Supplied information START

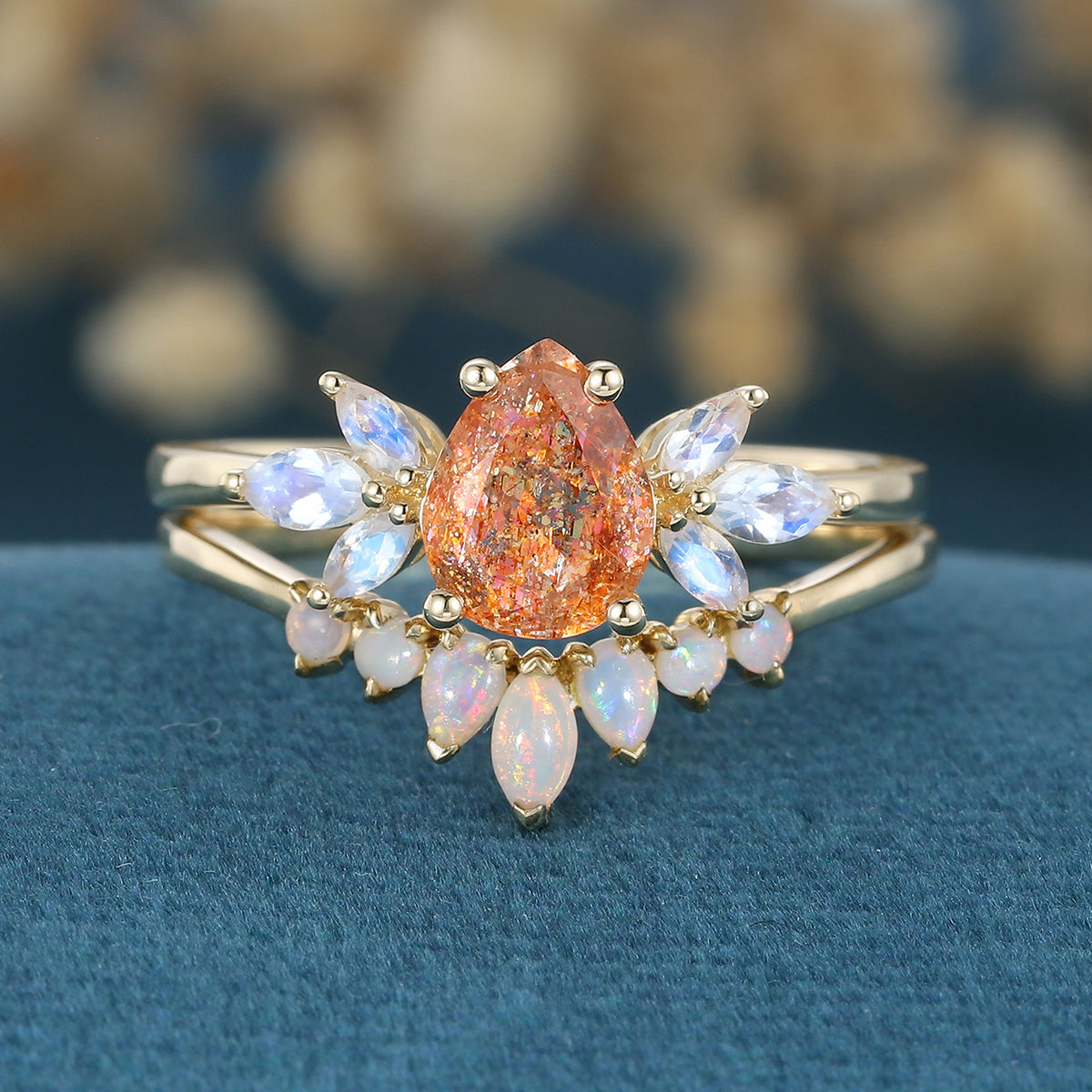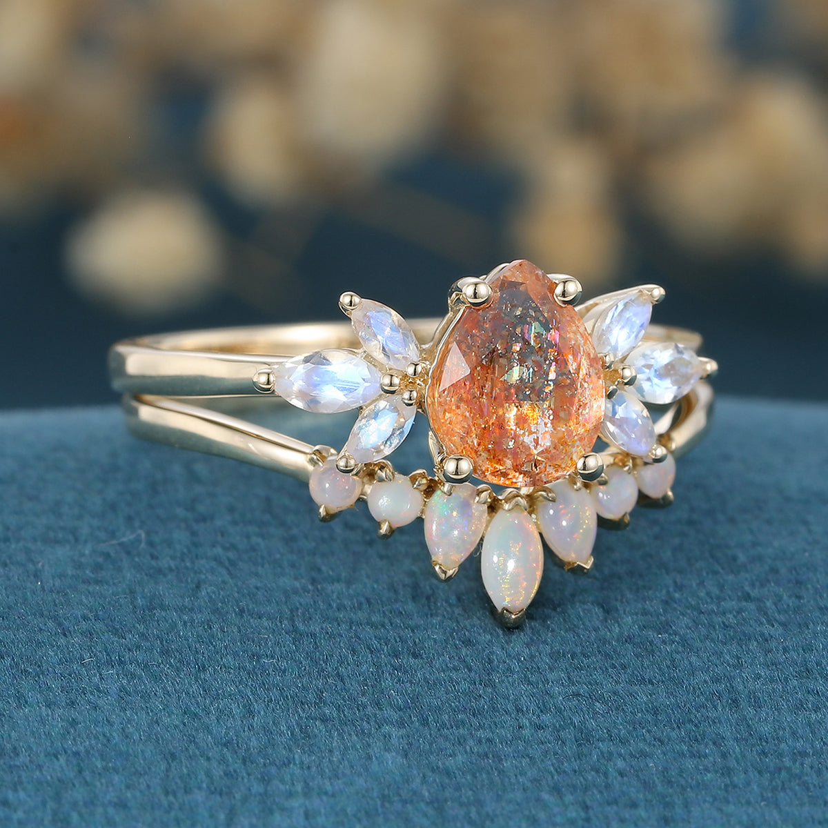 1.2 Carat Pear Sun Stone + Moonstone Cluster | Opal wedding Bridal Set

Supplied information END
Supplied information START

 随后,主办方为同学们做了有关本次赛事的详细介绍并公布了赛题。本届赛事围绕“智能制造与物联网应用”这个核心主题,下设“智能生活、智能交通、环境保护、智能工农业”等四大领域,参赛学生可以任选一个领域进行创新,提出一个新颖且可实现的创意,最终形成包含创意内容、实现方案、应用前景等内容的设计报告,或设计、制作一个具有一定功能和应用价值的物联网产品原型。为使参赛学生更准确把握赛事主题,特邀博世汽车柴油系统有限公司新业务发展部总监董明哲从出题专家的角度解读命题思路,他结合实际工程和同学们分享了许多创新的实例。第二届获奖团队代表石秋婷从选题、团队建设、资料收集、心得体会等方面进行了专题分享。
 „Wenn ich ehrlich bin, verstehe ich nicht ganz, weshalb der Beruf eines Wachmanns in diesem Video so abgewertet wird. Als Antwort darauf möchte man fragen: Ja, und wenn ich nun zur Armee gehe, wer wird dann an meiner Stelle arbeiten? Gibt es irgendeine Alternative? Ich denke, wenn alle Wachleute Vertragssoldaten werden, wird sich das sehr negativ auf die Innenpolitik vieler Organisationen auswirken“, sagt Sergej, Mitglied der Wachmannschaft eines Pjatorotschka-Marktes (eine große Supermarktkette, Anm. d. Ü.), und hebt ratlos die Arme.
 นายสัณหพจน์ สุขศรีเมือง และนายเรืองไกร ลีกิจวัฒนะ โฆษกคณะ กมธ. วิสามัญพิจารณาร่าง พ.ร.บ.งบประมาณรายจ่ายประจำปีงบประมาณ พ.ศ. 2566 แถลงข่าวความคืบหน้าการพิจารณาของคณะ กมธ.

Supplied information END
Supplied information START

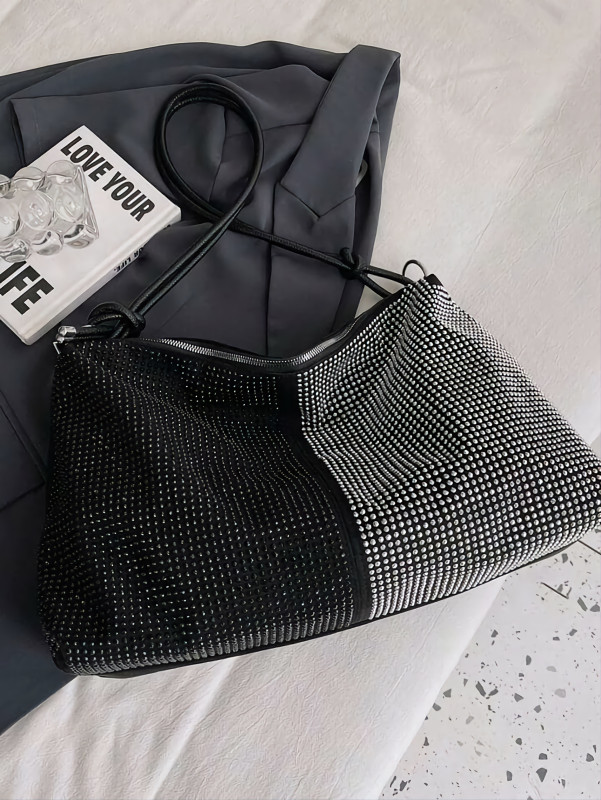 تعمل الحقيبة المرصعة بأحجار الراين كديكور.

Supplied information END

Problem details:
In the entries above, find the line holding "随后,主办方为同学们做了有关" and the line holding "ratlos die Arme.", then retype exactly those two lines and every line between them, and nothing else.

Task solution:
 随后,主办方为同学们做了有关本次赛事的详细介绍并公布了赛题。本届赛事围绕“智能制造与物联网应用”这个核心主题,下设“智能生活、智能交通、环境保护、智能工农业”等四大领域,参赛学生可以任选一个领域进行创新,提出一个新颖且可实现的创意,最终形成包含创意内容、实现方案、应用前景等内容的设计报告,或设计、制作一个具有一定功能和应用价值的物联网产品原型。为使参赛学生更准确把握赛事主题,特邀博世汽车柴油系统有限公司新业务发展部总监董明哲从出题专家的角度解读命题思路,他结合实际工程和同学们分享了许多创新的实例。第二届获奖团队代表石秋婷从选题、团队建设、资料收集、心得体会等方面进行了专题分享。
 „Wenn ich ehrlich bin, verstehe ich nicht ganz, weshalb der Beruf eines Wachmanns in diesem Video so abgewertet wird. Als Antwort darauf möchte man fragen: Ja, und wenn ich nun zur Armee gehe, wer wird dann an meiner Stelle arbeiten? Gibt es irgendeine Alternative? Ich denke, wenn alle Wachleute Vertragssoldaten werden, wird sich das sehr negativ auf die Innenpolitik vieler Organisationen auswirken“, sagt Sergej, Mitglied der Wachmannschaft eines Pjatorotschka-Marktes (eine große Supermarktkette, Anm. d. Ü.), und hebt ratlos die Arme.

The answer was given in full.